* _WHAT IS NEEDED_
Transcribe the entries below word for word, beginning at the line with "น้ำหนักปรับสมดุลอย่างแม่นยำ รองรับสูงสุดถึง 125" and stopping after the line with "Today I'm reviewing"; drop all pictures.

* _THE DATA_
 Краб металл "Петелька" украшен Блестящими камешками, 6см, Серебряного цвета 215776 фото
* * *
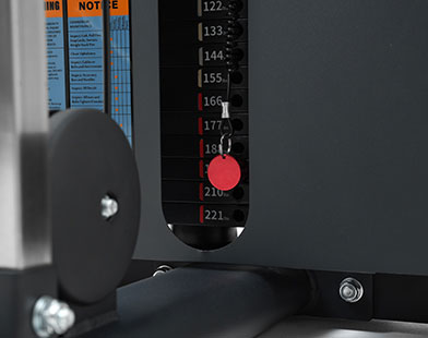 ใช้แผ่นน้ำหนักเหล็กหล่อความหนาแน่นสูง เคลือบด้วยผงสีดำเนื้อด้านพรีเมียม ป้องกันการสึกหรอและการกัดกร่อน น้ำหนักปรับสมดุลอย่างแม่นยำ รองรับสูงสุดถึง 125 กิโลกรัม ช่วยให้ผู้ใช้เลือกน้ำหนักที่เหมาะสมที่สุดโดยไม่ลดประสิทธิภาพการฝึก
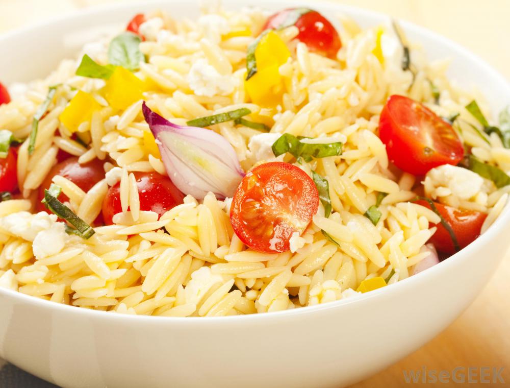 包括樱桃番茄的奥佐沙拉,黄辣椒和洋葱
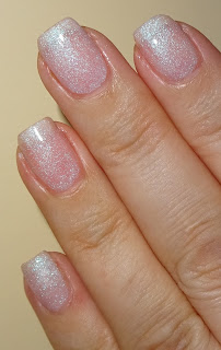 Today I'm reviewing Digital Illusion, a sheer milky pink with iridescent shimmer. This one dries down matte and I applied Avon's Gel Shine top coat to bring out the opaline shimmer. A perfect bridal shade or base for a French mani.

* _RESULT FOR THIS EXERCISE_
 ใช้แผ่นน้ำหนักเหล็กหล่อความหนาแน่นสูง เคลือบด้วยผงสีดำเนื้อด้านพรีเมียม ป้องกันการสึกหรอและการกัดกร่อน น้ำหนักปรับสมดุลอย่างแม่นยำ รองรับสูงสุดถึง 125 กิโลกรัม ช่วยให้ผู้ใช้เลือกน้ำหนักที่เหมาะสมที่สุดโดยไม่ลดประสิทธิภาพการฝึก
 包括樱桃番茄的奥佐沙拉,黄辣椒和洋葱
 Today I'm reviewing Digital Illusion, a sheer milky pink with iridescent shimmer. This one dries down matte and I applied Avon's Gel Shine top coat to bring out the opaline shimmer. A perfect bridal shade or base for a French mani.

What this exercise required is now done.